The lawyer-intensive trial was expected to last up to 10 weeks, at an expected cost of £2 million. The litigation, which has rumbled on for several years, is thought to have cost around £5 million in legal fees.
The case centred on litigation by seven pension holders alleging breach of contract against private company Melton Medes Group, its owner Natha Ram Puri, fellow director James Edward Philpotts, subsidiary companies including wholly-owned Melton Medes Pension Trustees and two Imperial Group pension trust companies (The Lawyer 2 May).
An action by the Securities and Investments Board (SIB), running simultaneously in the court and alleging breach of regulatory rules, is also thought to have settled.
The beneficiaries, representing 500 pensioners, alleged that Melton Medes failed to properly repay cash taken from the pension funds of two subsidiary businesses that it acquired from Imperial Group in the mid-1980s.
Actions against the main defendants - Melton Medes Group and its owner, Puri - are stayed pending compliance with a Tomlin Order.
The order requires an independent fund with trustees to be established and for cash to be pumped in by the main defendants.
Action against all other defendants is discontinued.

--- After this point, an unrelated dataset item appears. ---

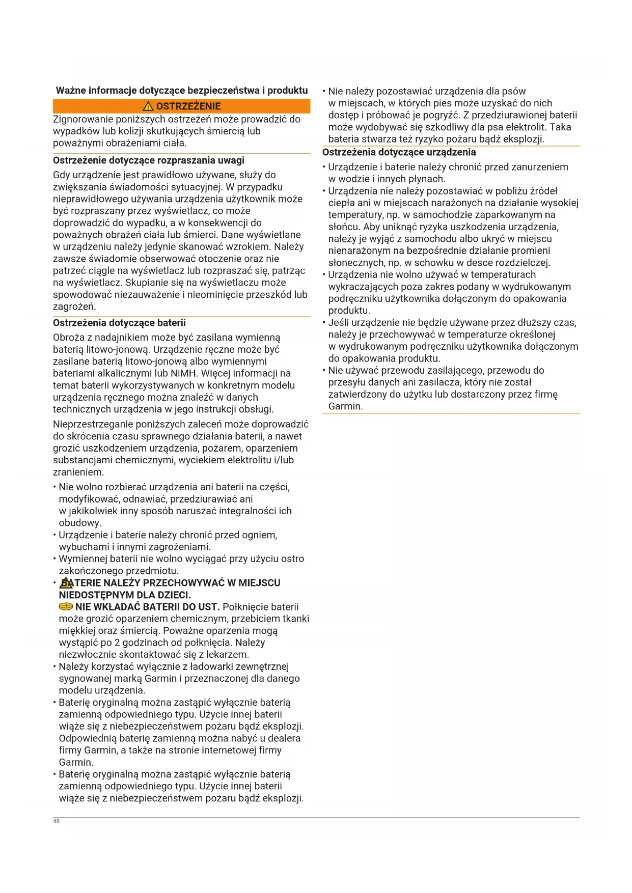 - Zużyte urządzenie/baterię nienadającą się do dalszego użytku należy przekazać do punktu utylizacji i powtórnego przetwarzania odpadów zgodnie z prawem i przepisami obowiązującymi na danym obszarze. Uwaga dotycząca systemu GPS Może dojść do pogorszenia wydajności pracy urządzenia nawigacyjnego, jeśli w jego pobliżu znajdują się jakiekolwiek urządzenia korzystające z naziemnej sieci szerokopasmowej o częstotliwościach zbliżonych do częstotliwości systemu GNSS (globalnego systemu nawigacji satelitarnej), jak na przykład usługi GPS. Korzystanie z takich urządzeń może niekorzystnie wpływać na odbiór sygnałów GNSS. Programy ochrony środowiska dotyczące produktu Informacje na temat programu recyklingu produktu firmy Garmin oraz dyrektyw WEEE, RoHS i REACH, a także innych programów można znaleźć na stronie www.garmin.com/aboutGarmin/environment. 49Deklaracja zgodności Firma Garmin niniejszym oświadcza, że produkt ten spełnia wymagania dyrektywy 2014/53/UE. Pełny tekst deklaracji zgodności z przepisami unijnymi można znaleźć na stronie: www.garmin.com/compliance. Informacje o radiu VHF Urządzenie to korzysta ze ściśle określonych częstotliwości radiowych, które różnią się w zależności od kraju użytkowania produktu. Urządzenie ręczne i nadajnik mają możliwość zainstalowania innej anteny przez użytkownika. Zmiana anteny może poprawić działanie komunikacji radiowej oraz zapewnić silniejszy sygnał nadawania. Urządzenia nie można używać z anteną innego producenta ani z anteną, która nie została zatwierdzona przez firmę Garmin. Odwiedź stronę www.garmin.com/tracking-legal, aby uzyskać informacje na temat działania tego produktu i używanej przez niego częstotliwości radiowej, a także oryginalnych akcesoriów i ograniczeń mocy nadajników obowiązujących w poszczególnych krajach. Dane kartograficzne Firma Garmin wykorzystujemy różne rządowe i prywatne źródła danych. Praktycznie wszystkie źródła danych zawierają pewne niedokładne lub niepełne informacje. W niektórych krajach pełne i dokładne dane kartograficzne nie są dostępne lub ich cena jest zbyt wysoka. Ograniczona gwarancja Niniejsza gwarancja Garmin jest gwarancją producenta, która przenosi na konsumenta prawa niezależne od praw wynikających z praw ochrony konsumenta (rękojmia), przy czym niniejszy dokument tych ostatnich nie ogranicza ani nie wyklucza. Niniejsza gwarancja pozostaje w mocy przez okres dwóch (2) lat od daty zakupu produktu Garmin w Polsce. Prawa ochrony konsumenta: W razie wykrycia wady produktu Garmin, konsument może skorzystać z praw wynikających z następujących przepisów:

These include the Imperial Group trusts, which had always denied any involvement in wrong-doing. They had lodged contribution notices, signalling they would sue other defendants if it proved necessary.
Lawyers will now hammer out the mechanism of a trust deed and its rules of oper-
ation.
Denton Hall acted for SIB, DJ Freeman for Melton Medes and related individuals, Osborne Clarke for the Imperial trusts, with Dibb Lupton Broomhead and Hand & Co for the beneficiaries and judicial trustees, Robson Rhodes.
Court-appointed Robson Rhodes took over the beneficiaries’ case when funding from the Graphical, Paper and Media Union ran out.
Readers' comments (1)
John Barrie Birtwistle | 18-May-2010 7:06 pm
If these so called Trustees had any idea of the hardship and misery their actions had caused to my wife and me, they wouldn't sleep at night! I contributed to the fund and for many years made AVC's to "do the right thing" and now they are stopped. One wonders if it was all a waste of trust and time, trying not to be a burden on the state.